Selon l'OMS, 45% des décès d'enfants sont liés à la malnutrition[1]. Chaque année au Nigeria, la malnutrition coûte la vie à environ un million d'enfants de moins de cinq ans. L'insurrection et le déplacement consécutif de nombreuses familles dans le nord du Nigeria ces derniers temps ont conduit de nombreux experts à penser que ce chiffre pourrait être encore plus élevé.

La malnutrition rend les enfants plus vulnérables aux infections, plus enclins à contracter des maladies graves et augmente leur risque de mortalité[i]. Pour enrayer la malnutrition au Nigeria, plusieurs programmes gouvernementaux et soutenus par des donateurs ont été mis en place, notamment des conseils nutritionnels, des programmes de jardinage, la gestion communautaire de la malnutrition aiguë (CMAM)[2] et, plus récemment, des programmes d'alimentation scolaire[ii]. Bien qu'il existe plusieurs types de malnutrition, à savoir la malnutrition chronique, la malnutrition aiguë et les carences en micronutriments, cet article se concentre sur la malnutrition aiguë.

La malnutrition aiguë survient lorsque les enfants perdent rapidement du poids en raison d'un régime alimentaire qui ne couvre pas leurs besoins nutritionnels. La malnutrition aiguë revêt une grande importance pour la santé publique, en raison des effets à long terme qu'elle a sur les enfants. Il existe deux types de malnutrition : la malnutrition aiguë sévère et la malnutrition aiguë modérée. Les enfants souffrant de malnutrition sévère sont visiblement amaigris, ont l'air secs et âgés, ou présentent des signes de gonflement : l'enfant semble bouffi et est généralement irritable, faible et fatigué. Les enfants souffrant de malnutrition modérée paraissent également amaigris et ont un poids très faible pour leur âge. Les enfants souffrant de malnutrition aiguë sont incapables de lutter efficacement contre les infections et ont une mauvaise mémoire cognitive, ce qui affecte leur capacité d'apprentissage.

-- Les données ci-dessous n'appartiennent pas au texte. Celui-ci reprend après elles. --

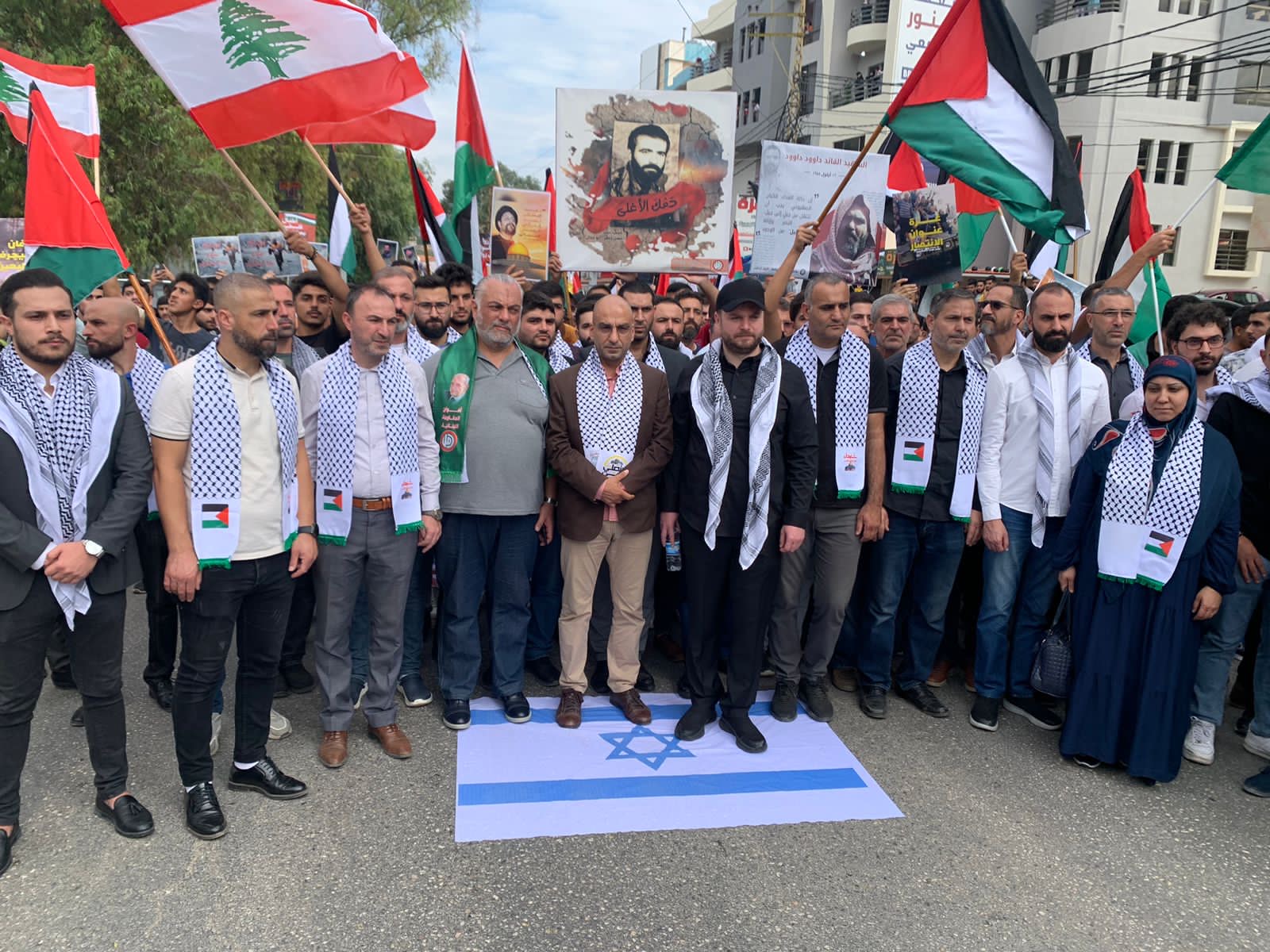 وعند وصول المسيرة الى مدخل ثانوية الصباح الرسمية داس المتظاهرون على العلمين الاميريكيوالإسرائيلي ، وهتفوا " لبيك يا غزة ، لبيك يا اقصى ثم أقيم حفل خطابي تخلله كلمة تعريف للزميل علي عطوي ثم القى الطالب محسن إسماعيل كلمة باسم الطلاب اعتبر فيها ان ما ينتهجه الاحتلال الإسرائيلي بحق اهل غزة من إرهاب وابادة وقصف وانتقام خال من أي صور الإنسانية والعقلانية وما هو الا مظهر اليأس والافلاس والصدمة

Selon l'enquête démographique et sanitaire nationale (NDHS) de 2013, 18 % des enfants de moins de 5 ans au Nigéria souffrent de malnutrition aiguë. Entre 2008 et 2013, la prévalence de la malnutrition aiguë modérée (MAM) a augmenté de 41 % et celle de la malnutrition aiguë sévère (MAS) de 98 % au Nigéria[iii]. Cette augmentation de la prévalence de la MAS de près de 100 % sur une période de cinq ans, associée à d'autres indices de malnutrition médiocres, justifie en quelque sorte l'approche du Nigéria en matière de malnutrition, qui utilise la gestion communautaire de la malnutrition aiguë (CMAM) pour résoudre le problème.

L'approche CMAM est globale et comporte des recommandations pour traiter la MAM et la MAS. Cependant, le Nigeria se concentre de manière disproportionnée sur le traitement de la MAS. En fait, cette approche de la CMAM axée sur la MAS a été couronnée de succès dans les États d'intervention (11 États du nord du Nigeria), où un taux moyen de guérison de la MAS de 84,5 % a été signalé en mars 2015[iv].

Bien que ce taux de guérison de la MAS soit louable, il est inquiétant de constater que le Nigeria n'a pas fait preuve de détermination dans ses efforts de lutte contre la MAM. Plusieurs raisons expliquent cette inquiétude :

  1. La prévalence globale de la MAM est plus élevée que celle de la SAM au Nigeria (MAM = 5,4 % et SAM = 1,8 %)[v].
  2. Les enfants passent généralement par la phase MAM qui évolue vers la phase SAM lorsqu'elle n'est pas correctement prise en charge[vi], et
  3. On estime que les enfants atteints de MAM ont un risque de mortalité globale trois à quatre fois plus élevé que les enfants bien nourris[vii]. En d'autres termes, l'absence de traitement de la MAM entraînera une augmentation de l'incidence de la MAS.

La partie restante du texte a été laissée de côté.